Die drei Beschwerdeführer in dieser Sache, die gemeinsam mit anderen Betroffenen zuvor mit ihren Beschwerden beim Bundesverwaltungsgericht (BVerwG) mit dessen Urteil vom 13. Oktober 2011 – BVerwG 4 A 4001/10 und beim Bundesverfassungsgericht (BVerfG) mit dessen Beschluss vom 02. Juli 2018 – 1 BVR 612/12 gescheitert waren, hatten mit ihrer Beschwerde in Straßburg insbesondere gerügt, dass sie seit der Einführung des § 8 Abs. 1 S. 3 Luftverkehrsgesetz (LuftVG) am 01. Juni 2007 keine Möglichkeit mehr hatten, ihnen vorliegende neuste lärmmedizinische Erkenntnisse im Planfeststellungsverfahren zu den Nachtflugregelungen am BER vorzutragen, nach denen sie unzumutbarem nächtlichen Fluglärm ausgesetzt werden. Das BVerwG und das BVerfG waren davon ausgegangen, dass diese neusten lärmmedizinischen Erkenntnisse nicht zu berücksichtigen waren, weil nach neuer Gesetzeslage nur noch die in § 2 Abs. 2 Fluglärmgesetz (FluglärmG) festgelegten Lärmgrenzwerte maßgeblich seien.

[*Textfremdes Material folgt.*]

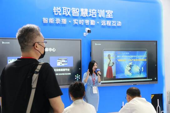 針對企業多地同步培訓、實現多方遠程互動培訓需求,本次展會銳取還展出高性價比、智能化的整體解決方案——銳取智慧培訓室,無需裝修、簡單部署即可實現多方遠程互動培訓,滿足用戶線上線下培訓學習的全場景應用。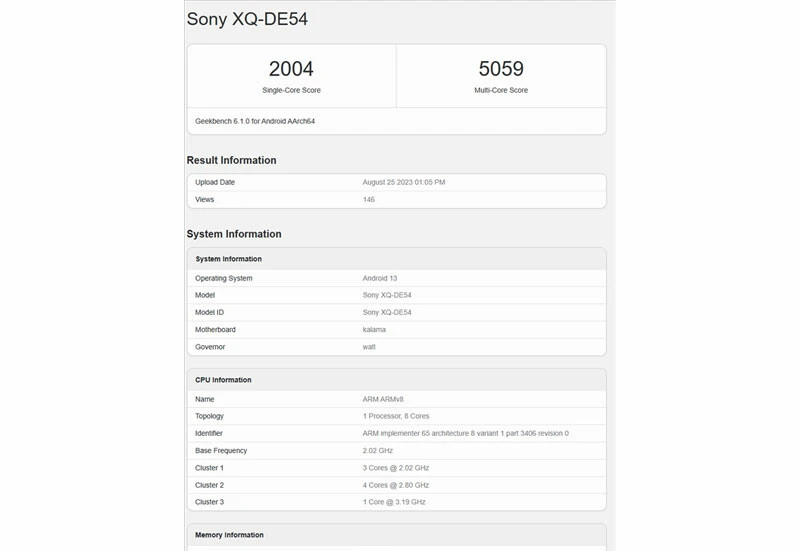 Geekbench çalışma puanı sonuçlarına göre Xperia 5 V, Qualcomm Snapdragon 8 Gen 2 işlemciyle donatılırken, 8 GB RAM ve Android 13 tabanlı işletim sistemi önceden yüklenmiş olarak ortaya çıktı.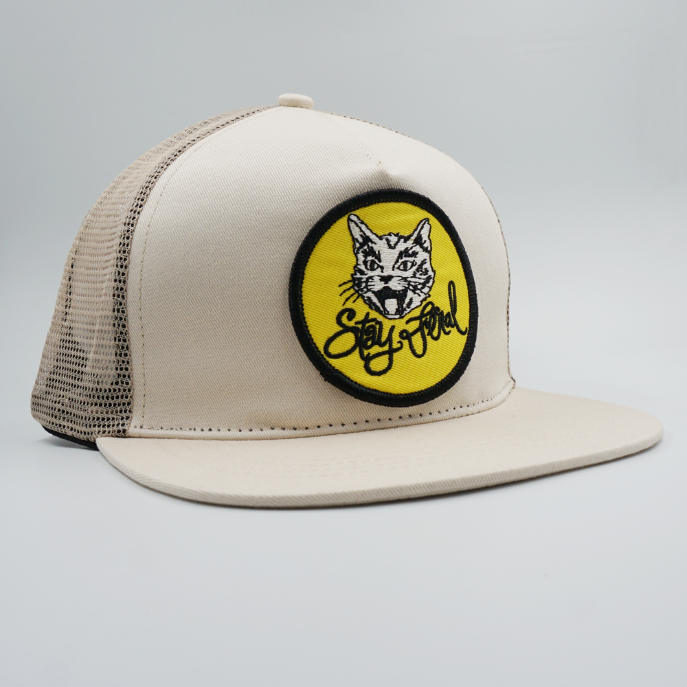 Vintage “Stay feral " Cartoon Cat Embroidery Patch Trucker Cap PB50-3

Nach der Auffassung des auf das Recht der EMRK spezialisierten Berliner Rechtsanwalts Stefan von Raumer, durch den die Beschwerdeführer beim EGMR vertreten werden, verletzt das die Rechte der Beschwerdeführer und einer Vielzahl anderer Betroffener aus Art. 6 (Recht auf ein faires Verfahren), Art. 8 (hier: staatliche Schutzpflicht vor unzumutbaren Umweltbeeinträchtigungen) und Art. 13 EMRK (Recht auf ein effektives Rechtsmittel gegen Verletzungen der EMRK). „Diese Vorschriften der europäischen Menschenrechtskonvention gebieten auch eine individuelle und aktuelle Berücksichtigung aller lärmmedizinisch relevanten Umstände in einem fairen und effizienten Rechtsschutzverfahren gegen einen Planfeststellungsbeschluss zu einem lärmintensiven Vorhaben“ meint von Raumer. Die Festsetzung gesetzlicher Lärmgrenzwerte im FluglärmG gewährleiste schon deswegen keinen hinreichenden Schutz, weil der Gesetzgeber nach § 2 Abs. 3 dieses Gesetzes nur alle zehn Jahre von der Bundesregierung über veränderte lärmmedizinische Standards unterrichtet werde. „Das berücksichtigt die aktuelle dynamische Entwicklung in der Lärmwirkungsforschung nicht hinreichend“ so von Raumer. Auch sei ein effizienter Rechtschutz im Sinne der EMRK gegen unzureichende Lärmgrenzwerte im FluglärmG nicht gegeben, weil gegen dieses Gesetz nur das BVerfG angerufen werden könne, das nach dessen eigener ständiger Rechtsprechung wegen des weiten, verfassungsgerichtlich nicht überprüfbaren Entscheidungsspielraums des Gesetzgebers solche Werte allenfalls in Fällen offensichtlicher Willkür in Frage stellen könne. „Damit können in deutschen Planfeststellungsverfahren zu lärmintensiven Vorhaben über Jahre hinweg unzureichende Lärmgrenzwerte zur Anwendung kommen, gegen die auch dann nicht effektiv gerichtlich vorgegangen werden kann, wenn sie längst nicht mehr den weltweit aktuell anerkannten lärmmedizinischen Standards entsprechen“ sagt von Raumer. All das habe sogar dazu geführt, dass selbst die Rüge seiner Mandanten in deren Verfahren keine Berücksichtigung gefunden hätte, dass die „Night Noise Guidelines for Europe“ der Weltgesundheitsorganisation (WHO) vom Oktober 2009 bei den Nachtflugregelungen des BER ignoriert wurden.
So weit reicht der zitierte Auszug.